Comfort food is a language.  I consider myself fluent in its art.  That’s because I grew up in a family where its language was considered as important as English.  A dinner filled with warmth and love speaks volumes, even when healthy.

Flavor and emotion is what has always determined comfort food to me. What makes this Lemon Roast Chicken dinner with Potatoes so special is that it is a meal I make time and time again because its so easy. Who doesn’t love a roasted chicken recipe especially when its a lemon chicken recipe? It tastes divine with hardly a lick of fat (just 2 tablespoons of extra virgin olive oil). You could even add additional flavors and make this a rosemary chicken or a lemon garlic chicken or just a lemon herb roasted chicken.

Ingredients

  • Potatoes: Thinly sliced potatoes, peeled and ready to soak up all those juicy flavors.
  • Onion: A large, chopped onion to add some savory depth to the dish.
  • Olive Oil: A drizzle of extra virgin olive oil for that silky, rich touch.
  • Seasoning: Salt, pepper, and lemon pepper – the trio that brings the zing, the zang, and the zesty!
  • Garlic & Paprika: A teaspoon of garlic powder for that aromatic warmth, paired with a hint of paprika for a subtle smoky undertone.
  • Chicken: Chicken pieces that are about to get a lemony makeover, turning them into the main event.
  • Lemon: Small lemons, sliced in half, ready to shower this dish with their citrusy, tangy joy.
Lemon Roasted Chicken and Potatoes in a dutch oven ready to serve.

How to Make Lemon Roasted Chicken

This recipe comes together super fast. If you are using frozen chicken, it must be thawed out first before you begin baking this recipe.  Everything is liberally seasoned with salt and pepper, lemon pepper, garlic powder and a bit of paprika. Lastly, I squeeze lemon juice over the entire dish and throw the used lemons into the dutch oven. Once baked, this dutch oven chicken is filled with amazing flavor.

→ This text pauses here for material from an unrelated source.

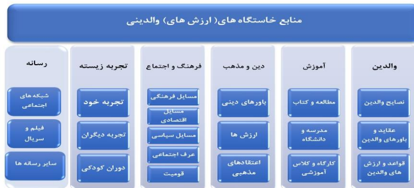
شکل ۳- نمودار منابع خاستگاه‌های (ارزش‌های) والدینی

۶ والدین: نصایح والدین، عقاید و باورهای والدین، قواعد و ارزش‌های والدین از جمله مفاهیم اصلی بودند که توسط مشارکت‌کنندگان مطرح گشت و در قالب مقوله اصلی والدین قرار گرفت. در راستای نقش پررنگی که والدین در شکل‌گیری خاستگاه‌های والدگری فرزندان دارند یکی از مصاحبه‌شوندگان می‌گوید: "سبک‌های تربیتی والدین ما بیشترین اثربخشی را در شکل‌گیری باورهای والدگری ما دارد." شرکت‌کننده دیگری در همین زمینه می‌گوید: "به نظر من والدین، ایده‌ها و ارزش‌های فرزندپروری خود را از والدین خود یاد می‌گیرند. یعنی در حقیقت روش‌های تربیتی که در مورد خود آن‌ها به کار گرفته شده است را اقتباس می‌کنند." در پایان این بخش بر اساس گفته‌های شرکت‌کنندگان، مفاهیم استخراج شده و مقوله‌های اصلی نمودار منابع خاستگاه‌های والدینی طراحی شد که در شکل ۳ نشان داده شده است.

Onions and potatoes are next.  I usually use baking potatoes that I’ve thinly sliced along with onions.  I add them to the bottom of my pan, and like magic, they bake up perfectly soft and tender with onions after mixing with the juices of the chicken,  lemon juice and olive oil.  They are sensational!!

Finally the spices here are what truly make this chicken special!  I add a mix of salt, pepper and lemon pepper to really heighten the citrus flavor.  I also add garlic powder and paprika.  This chicken is highly seasoned and the seasonings also go on the potatoes making this super special!

A close up of Lemon Roasted Chicken and Potatoes being served with potatoes being spooned

What to Serve with Lemon Roasted Chicken

I have served this Lemon Roasted Chicken dish using a whole chicken for company and for a mid-weeknight dinner using pieces.  The results are the same, and the feedback is the same.  The comfort and love is always felt.

You can serve this chicken with any of the following sides and dishes:

How to Store

To store your Lemon Roasted Chicken, first let it cool to room temperature, then place it in an airtight container and refrigerate for up to 3-4 days. For reheating, warm it in the oven at 350°F for about 10-15 minutes, or until it’s heated through and the skin is crispy again. This method helps to retain the flavors and keeps the chicken moist and delicious!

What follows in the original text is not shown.